(RECORDED DATA Opens)

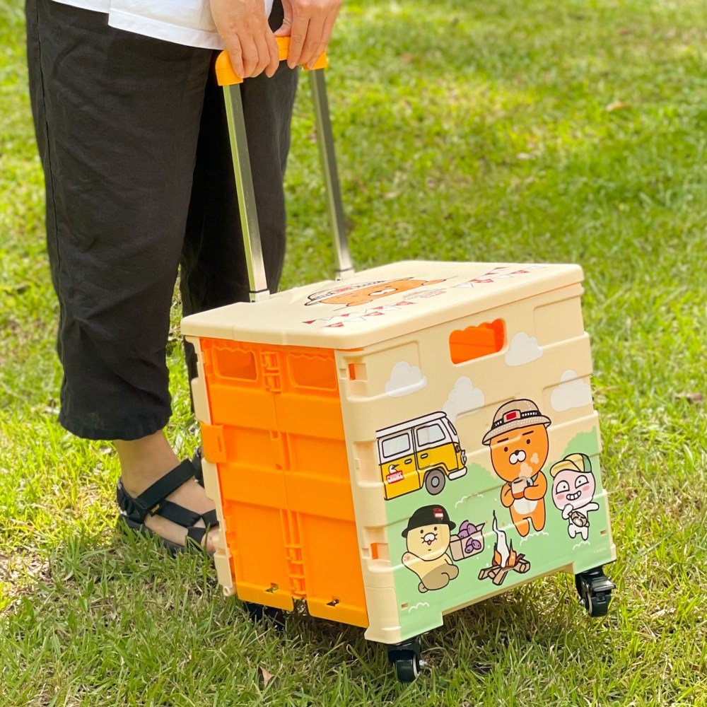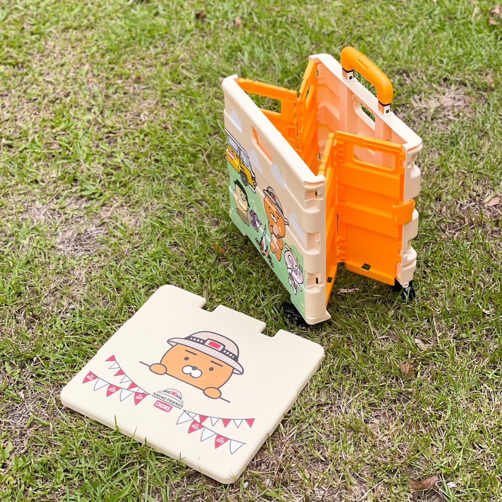 設計繽紛可愛的購物車收納容量為37公升,隨附上蓋,既可收納物品,還能做為小桌子使用,折疊即可收起,不僅野餐或露營必備,平常到大賣場採買物品時,也能派它上場。
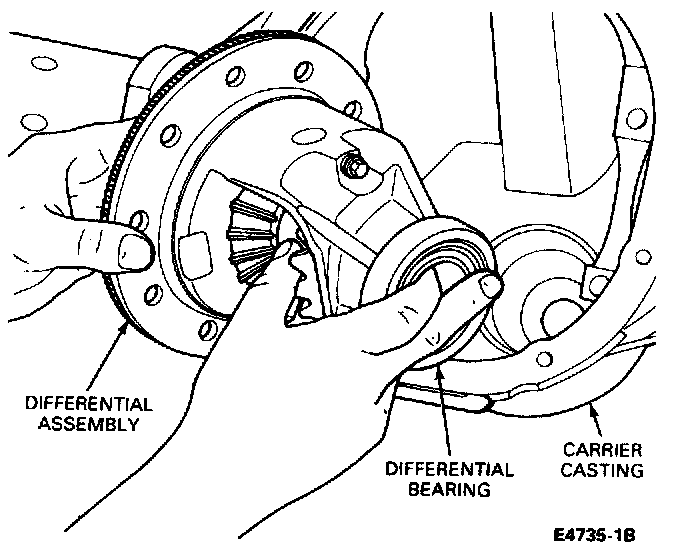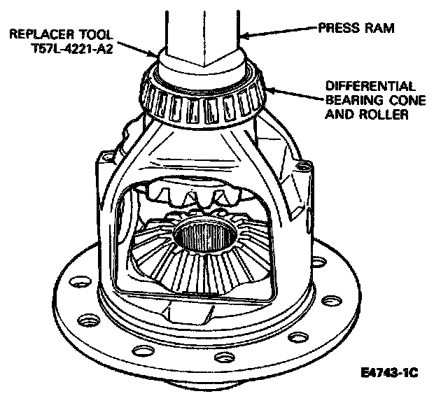 5. Install new differential bearings on the case hubs using Replacer Tool, T57L-4221-A or equivalent and install the differential assembly in the carrier without the ring gear.
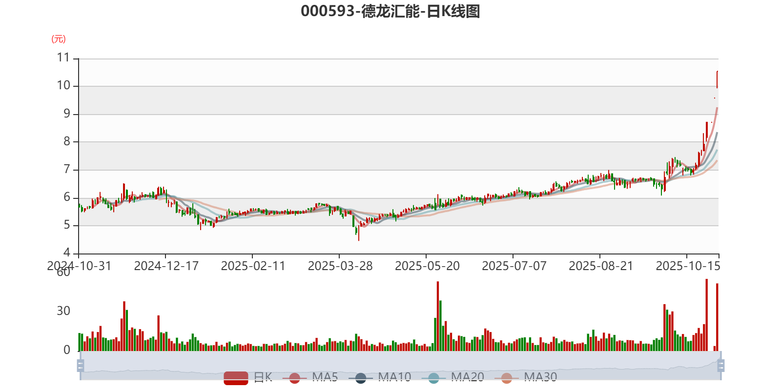 以10月30日收盘价计算,德龙汇能目前市盈率(TTM)约为2538.71倍,市净率(LF)约4.32倍,市销率(TTM)约2.15倍。
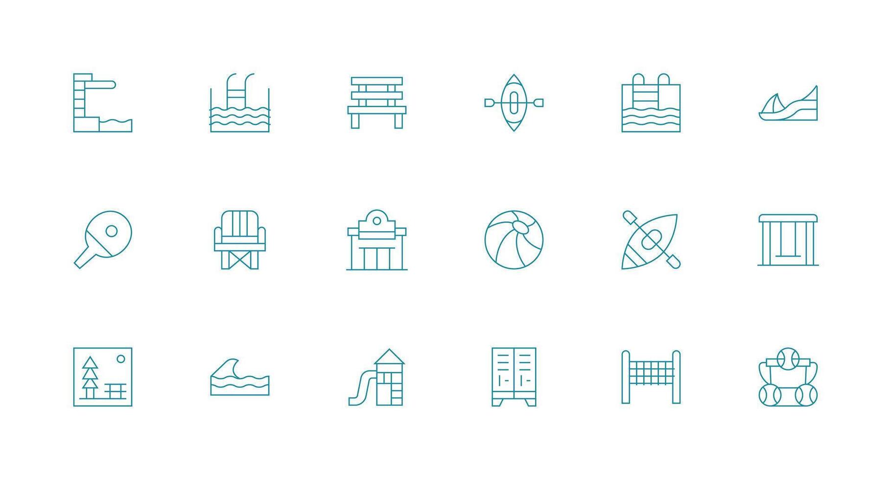 Recreation Set with 18 Minimal Line Icons High-Resolution Icons for Any Platform vector

(RECORDED DATA Closes)

EXERCISE DETAILS: Leave out the pictures and repeat exactly the lines from the first line of the data through the line containing "5. Install new". Add nothing else.

YOUR RESPONSE:
 設計繽紛可愛的購物車收納容量為37公升,隨附上蓋,既可收納物品,還能做為小桌子使用,折疊即可收起,不僅野餐或露營必備,平常到大賣場採買物品時,也能派它上場。
 5. Install new differential bearings on the case hubs using Replacer Tool, T57L-4221-A or equivalent and install the differential assembly in the carrier without the ring gear.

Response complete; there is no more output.